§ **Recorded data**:
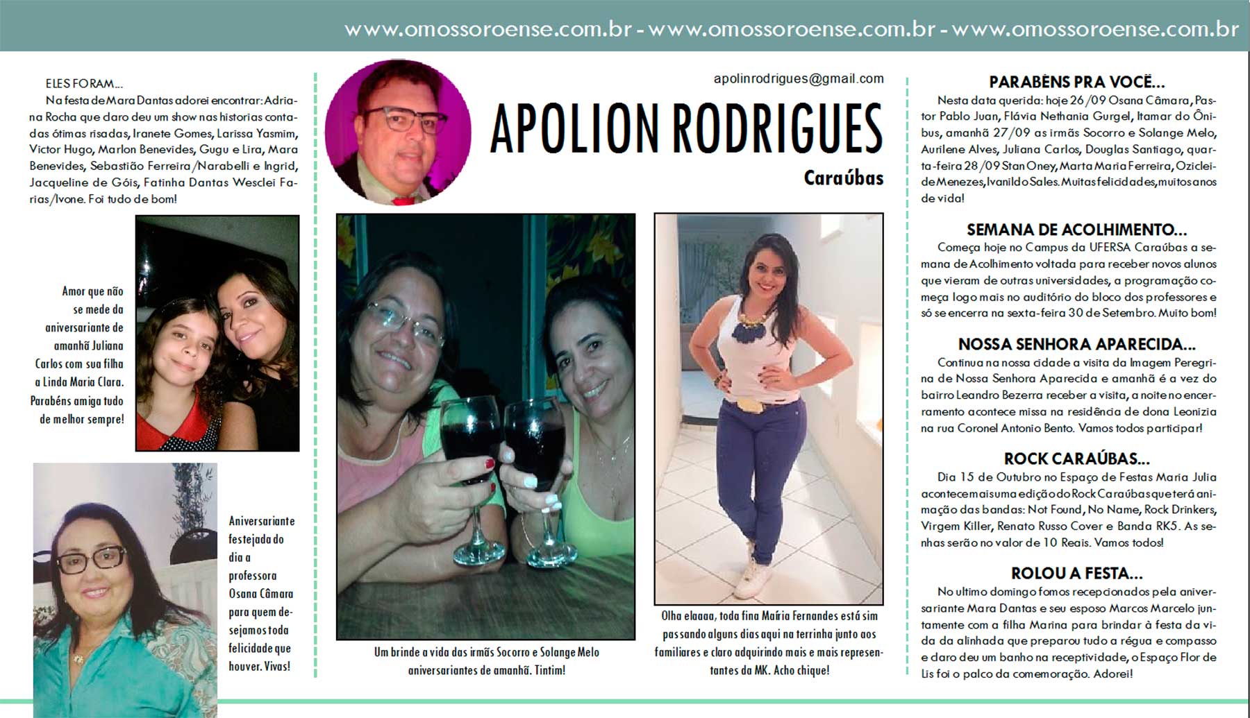 Nesta data querida: hoje 26/09 Osana Câmara, Pastor Pablo Juan, Flávia Nethania Gurgel, Itamar do Ônibus, amanhã 27/09 as irmãs Socorro e Solange Melo, Aurilene Alves, Juliana Carlos, Douglas Santiago, quarta-feira 28/09 Stan Oney, Marta Maria Ferreira, Ozicleide Menezes, Ivanildo Sales. Muitas felicidades, muitos anos de vida!
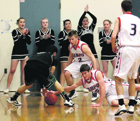 | Published February 16th, 2011 | Campolindo Basketball Defeats Lamorinda Rivals | By Conrad Bassett |  | Mats' Kazz Tamura and Campo's Alan Hickey fight for a loose ball. Photo Jordan Fong
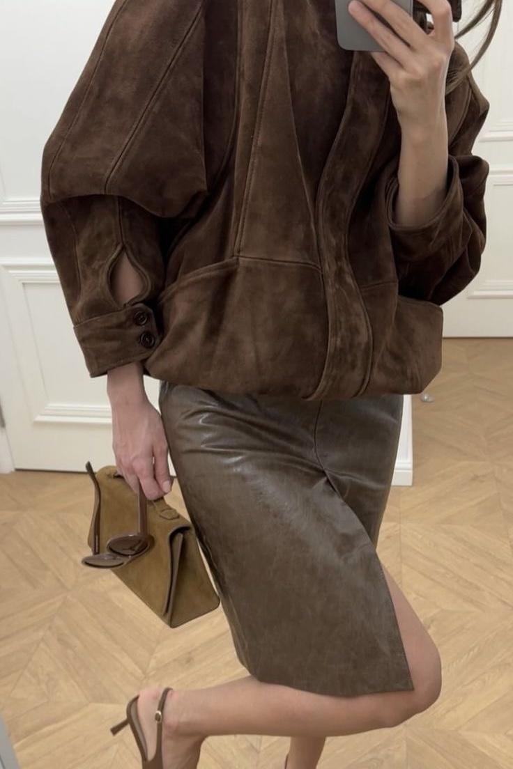 Осенний сезон 2025 года уверенно диктует новые правила стиля, где пальма первенства отдается тактильным и дорогим текстурам. В центре внимания оказывается замша — материал, который всегда в тренде осенью, становясь современным, универсальным и невероятно актуальным. Это уже не просто акцент, а основа для создания ярких и выразительных образов в этом сезоне. Трендом текущего сезона стали тотальные замшевые луки в стиле бохо. Платья и юбки миди длины с мягким силуэтом, повторяющим изгибы тела, подчеркивающие естественную красоту. Крой-футляр уступает место более свободным и плавным линиям, напоминающим о спокойной эстетике семидесятых. Рубашки и жилеты из замши выступают ключевыми элементами для наслоения. Их носят поверх воздушных блуз из шифона или тонких водолазок, создавая игру фактур. Верхняя одежда из замши — это инвестиция в образ на годы вперед. Дизайнеры предлагают отказаться от громоздких объемов в пользу приталенных тренчей и курток с акцентом на линии плеч. Акту
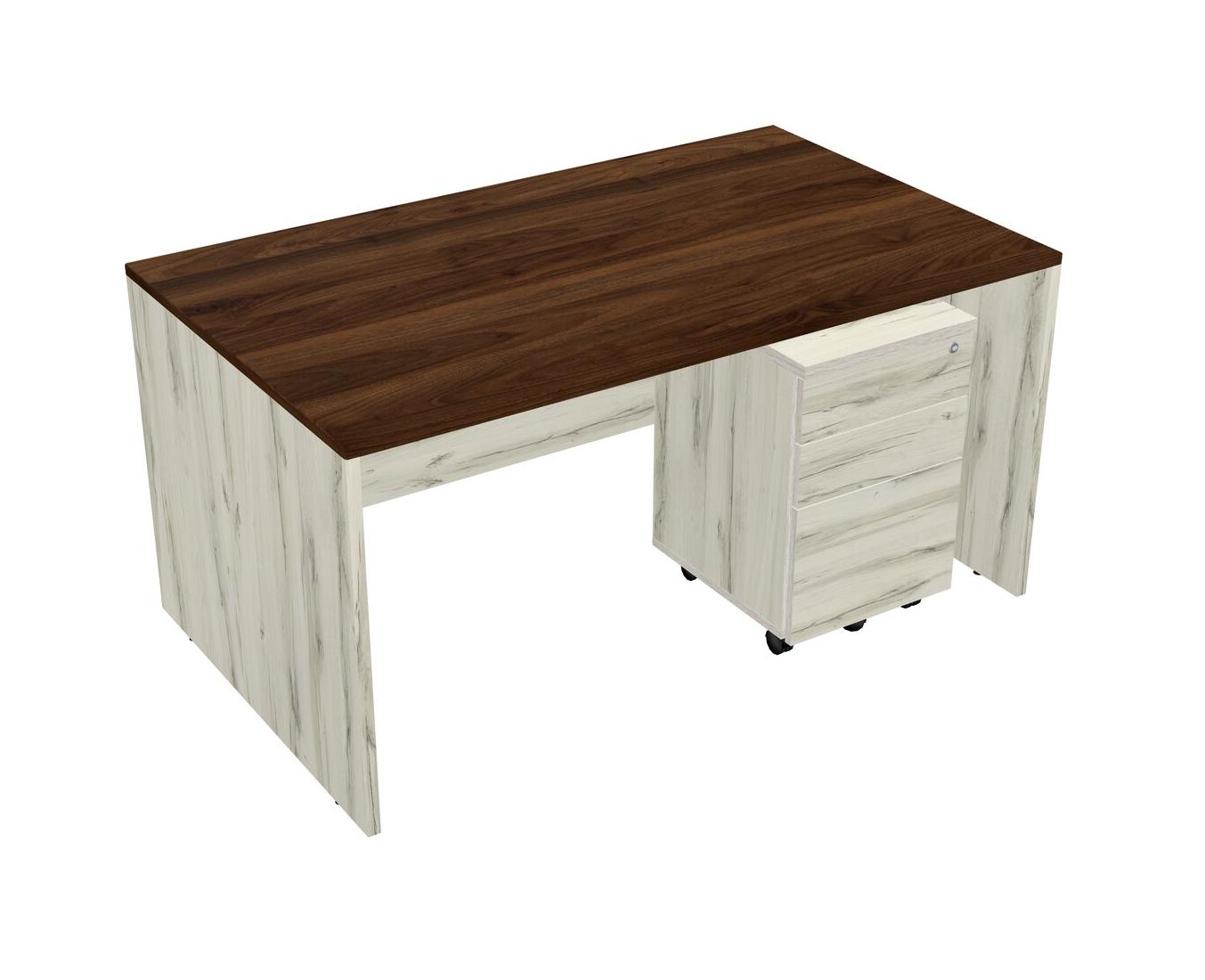 Columbia Walnut Rectangular Office Desk Plus Heinne Holz Wooden Mobile Drawers
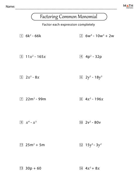 Factoring polynomials 1) first determine if a common monomial factor (greatest common factor) exists. The first step in factoring always begins by checking if there is a greatest common factor. Free trial available at kutasoftware.com. The expressions deal with single as well as multiple variables.

§ **Work required**:
All of the records should be output exactly as they stand, with pictures omitted.

§ **Finished exercise**:
 Nesta data querida: hoje 26/09 Osana Câmara, Pastor Pablo Juan, Flávia Nethania Gurgel, Itamar do Ônibus, amanhã 27/09 as irmãs Socorro e Solange Melo, Aurilene Alves, Juliana Carlos, Douglas Santiago, quarta-feira 28/09 Stan Oney, Marta Maria Ferreira, Ozicleide Menezes, Ivanildo Sales. Muitas felicidades, muitos anos de vida!
 | Published February 16th, 2011 | Campolindo Basketball Defeats Lamorinda Rivals | By Conrad Bassett |  | Mats' Kazz Tamura and Campo's Alan Hickey fight for a loose ball. Photo Jordan Fong
 Осенний сезон 2025 года уверенно диктует новые правила стиля, где пальма первенства отдается тактильным и дорогим текстурам. В центре внимания оказывается замша — материал, который всегда в тренде осенью, становясь современным, универсальным и невероятно актуальным. Это уже не просто акцент, а основа для создания ярких и выразительных образов в этом сезоне. Трендом текущего сезона стали тотальные замшевые луки в стиле бохо. Платья и юбки миди длины с мягким силуэтом, повторяющим изгибы тела, подчеркивающие естественную красоту. Крой-футляр уступает место более свободным и плавным линиям, напоминающим о спокойной эстетике семидесятых. Рубашки и жилеты из замши выступают ключевыми элементами для наслоения. Их носят поверх воздушных блуз из шифона или тонких водолазок, создавая игру фактур. Верхняя одежда из замши — это инвестиция в образ на годы вперед. Дизайнеры предлагают отказаться от громоздких объемов в пользу приталенных тренчей и курток с акцентом на линии плеч. Акту
 Columbia Walnut Rectangular Office Desk Plus Heinne Holz Wooden Mobile Drawers
 Factoring polynomials 1) first determine if a common monomial factor (greatest common factor) exists. The first step in factoring always begins by checking if there is a greatest common factor. Free trial available at kutasoftware.com. The expressions deal with single as well as multiple variables.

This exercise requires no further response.